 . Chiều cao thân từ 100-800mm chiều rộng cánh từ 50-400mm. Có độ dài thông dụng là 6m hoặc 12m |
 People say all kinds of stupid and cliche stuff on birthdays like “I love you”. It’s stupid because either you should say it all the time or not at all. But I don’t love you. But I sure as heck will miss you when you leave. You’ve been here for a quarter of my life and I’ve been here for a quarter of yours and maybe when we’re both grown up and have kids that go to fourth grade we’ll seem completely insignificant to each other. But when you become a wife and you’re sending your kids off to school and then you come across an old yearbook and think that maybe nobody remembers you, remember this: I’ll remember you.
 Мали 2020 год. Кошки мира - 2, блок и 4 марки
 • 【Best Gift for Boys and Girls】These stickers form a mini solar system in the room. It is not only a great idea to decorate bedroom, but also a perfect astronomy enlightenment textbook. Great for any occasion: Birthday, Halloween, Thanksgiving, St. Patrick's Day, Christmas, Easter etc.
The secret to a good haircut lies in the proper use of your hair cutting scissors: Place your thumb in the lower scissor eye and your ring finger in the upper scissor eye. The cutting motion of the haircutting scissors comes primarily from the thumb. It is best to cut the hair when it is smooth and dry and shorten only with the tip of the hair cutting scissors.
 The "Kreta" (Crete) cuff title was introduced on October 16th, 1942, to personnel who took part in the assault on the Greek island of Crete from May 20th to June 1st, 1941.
* * *
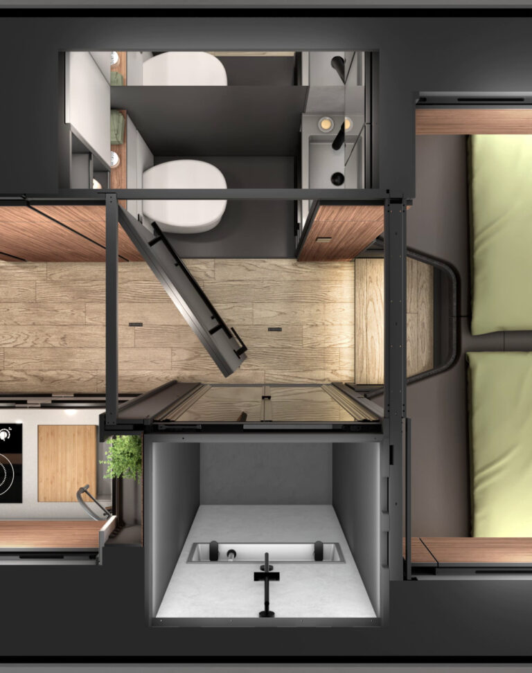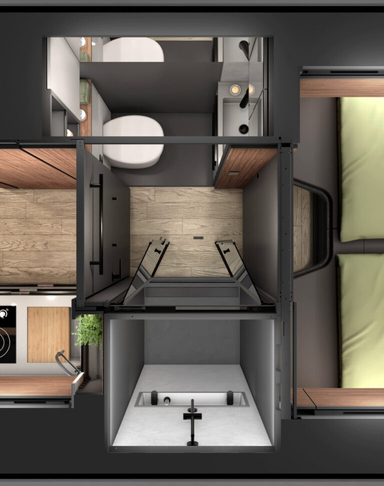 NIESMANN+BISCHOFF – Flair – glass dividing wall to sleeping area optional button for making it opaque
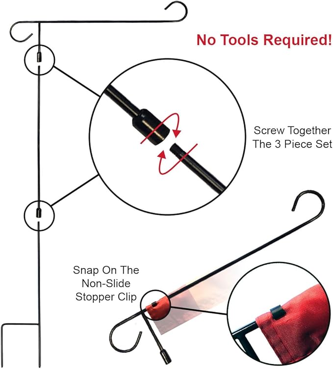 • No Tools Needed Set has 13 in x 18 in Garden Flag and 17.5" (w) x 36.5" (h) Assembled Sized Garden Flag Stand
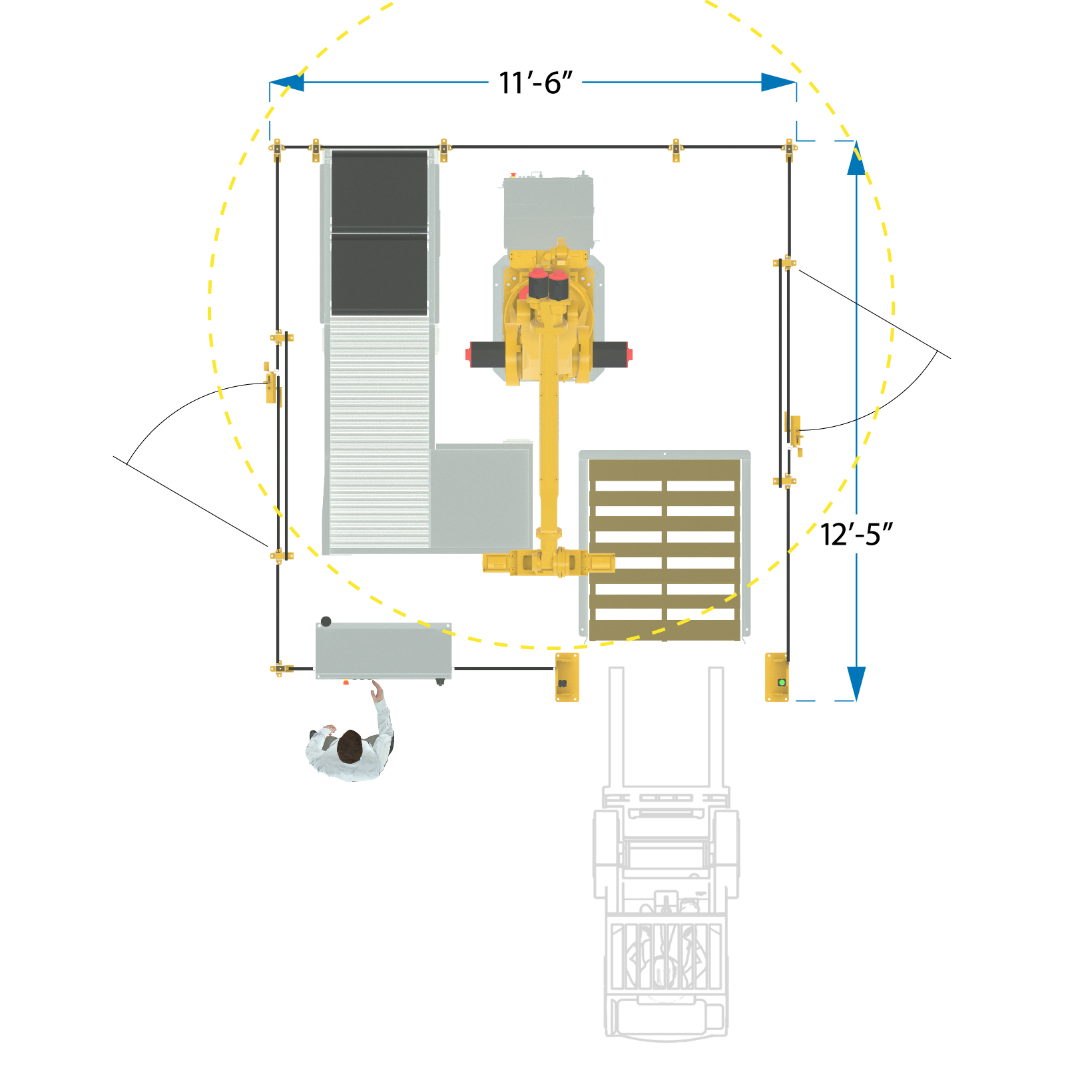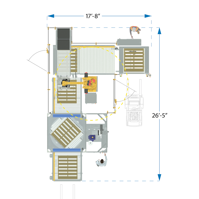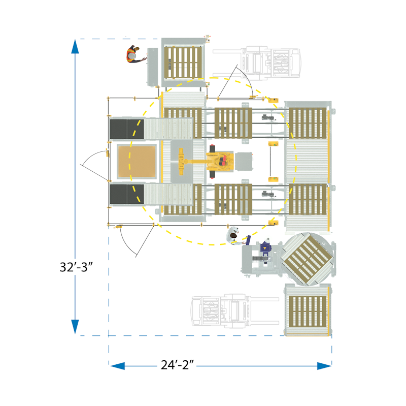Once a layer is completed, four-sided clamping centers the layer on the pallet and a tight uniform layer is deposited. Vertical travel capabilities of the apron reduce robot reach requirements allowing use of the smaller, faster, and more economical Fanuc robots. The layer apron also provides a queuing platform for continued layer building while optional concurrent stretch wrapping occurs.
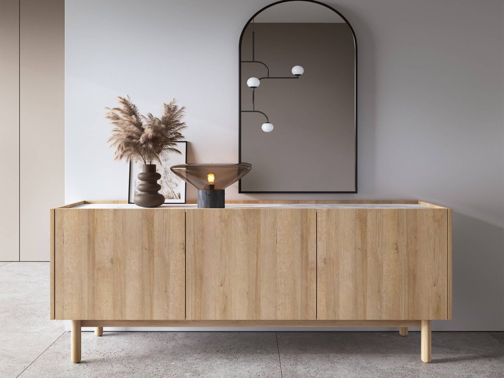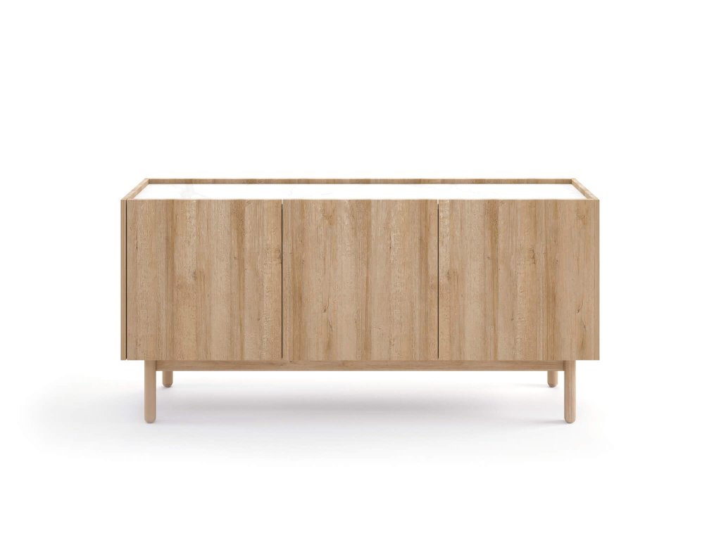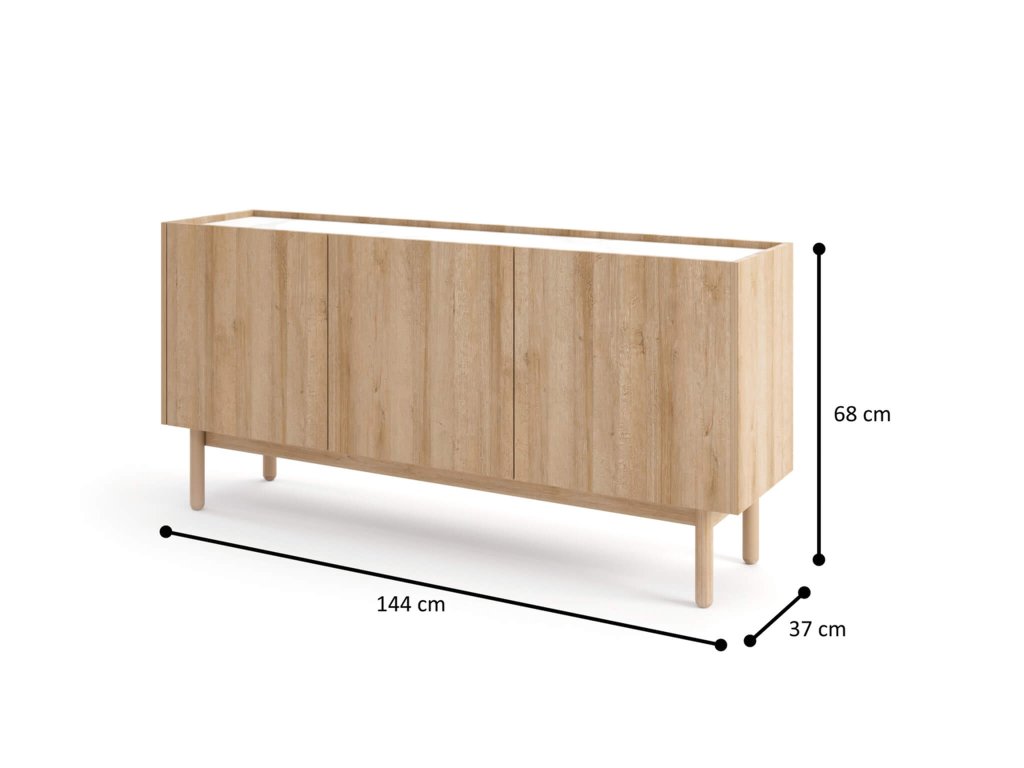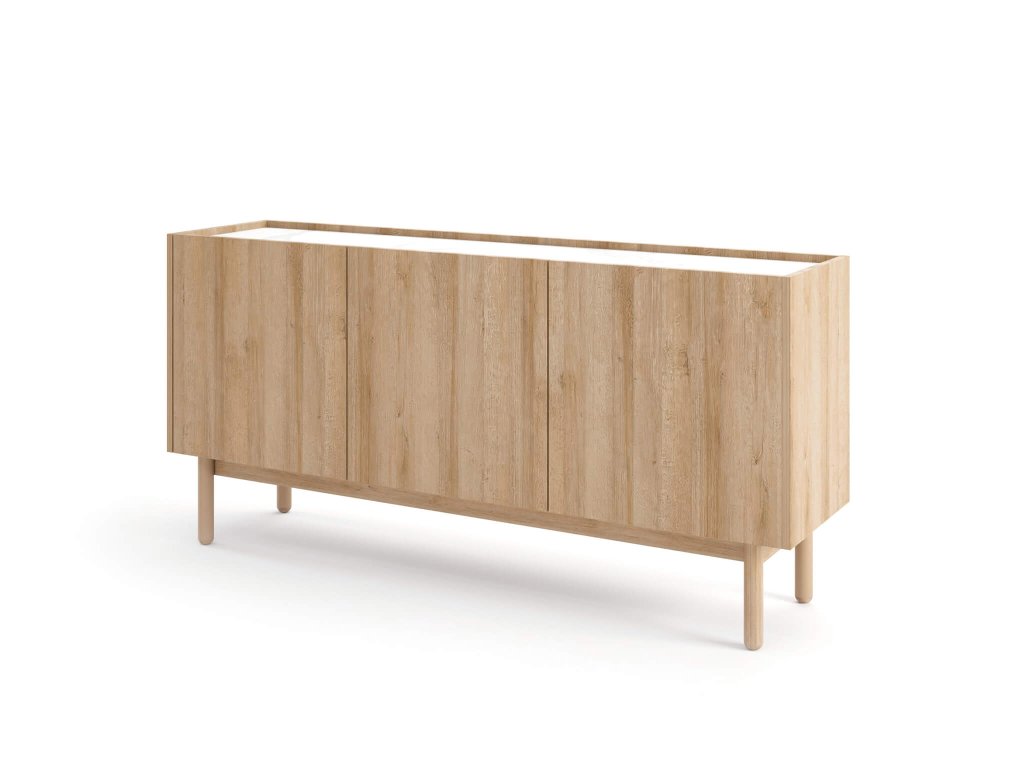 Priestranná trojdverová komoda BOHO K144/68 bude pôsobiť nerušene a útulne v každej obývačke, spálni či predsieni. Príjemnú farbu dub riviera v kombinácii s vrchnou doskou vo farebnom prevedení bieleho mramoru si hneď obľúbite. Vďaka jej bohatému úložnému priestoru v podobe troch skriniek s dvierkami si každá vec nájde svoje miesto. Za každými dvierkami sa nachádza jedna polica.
...
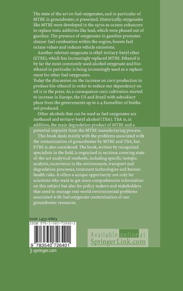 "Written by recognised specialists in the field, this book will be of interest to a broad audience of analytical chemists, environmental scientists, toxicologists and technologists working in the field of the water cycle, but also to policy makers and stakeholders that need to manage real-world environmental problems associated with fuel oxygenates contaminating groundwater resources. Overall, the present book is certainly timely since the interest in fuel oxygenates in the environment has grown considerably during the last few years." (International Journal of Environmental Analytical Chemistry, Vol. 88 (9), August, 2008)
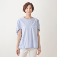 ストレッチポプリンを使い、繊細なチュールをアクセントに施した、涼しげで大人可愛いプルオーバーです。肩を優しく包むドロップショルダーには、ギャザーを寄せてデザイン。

▸ Activity:
In the listing above, find the line with "NIESMANN+BISCHOFF – Flair" and the line with "Priestranná trojdverová komoda". Set down both and every line between them, minus the pictures.

▸ Answer to the problem:
 NIESMANN+BISCHOFF – Flair – glass dividing wall to sleeping area optional button for making it opaque
 • No Tools Needed Set has 13 in x 18 in Garden Flag and 17.5" (w) x 36.5" (h) Assembled Sized Garden Flag Stand
Once a layer is completed, four-sided clamping centers the layer on the pallet and a tight uniform layer is deposited. Vertical travel capabilities of the apron reduce robot reach requirements allowing use of the smaller, faster, and more economical Fanuc robots. The layer apron also provides a queuing platform for continued layer building while optional concurrent stretch wrapping occurs.
 Priestranná trojdverová komoda BOHO K144/68 bude pôsobiť nerušene a útulne v každej obývačke, spálni či predsieni. Príjemnú farbu dub riviera v kombinácii s vrchnou doskou vo farebnom prevedení bieleho mramoru si hneď obľúbite. Vďaka jej bohatému úložnému priestoru v podobe troch skriniek s dvierkami si každá vec nájde svoje miesto. Za každými dvierkami sa nachádza jedna polica.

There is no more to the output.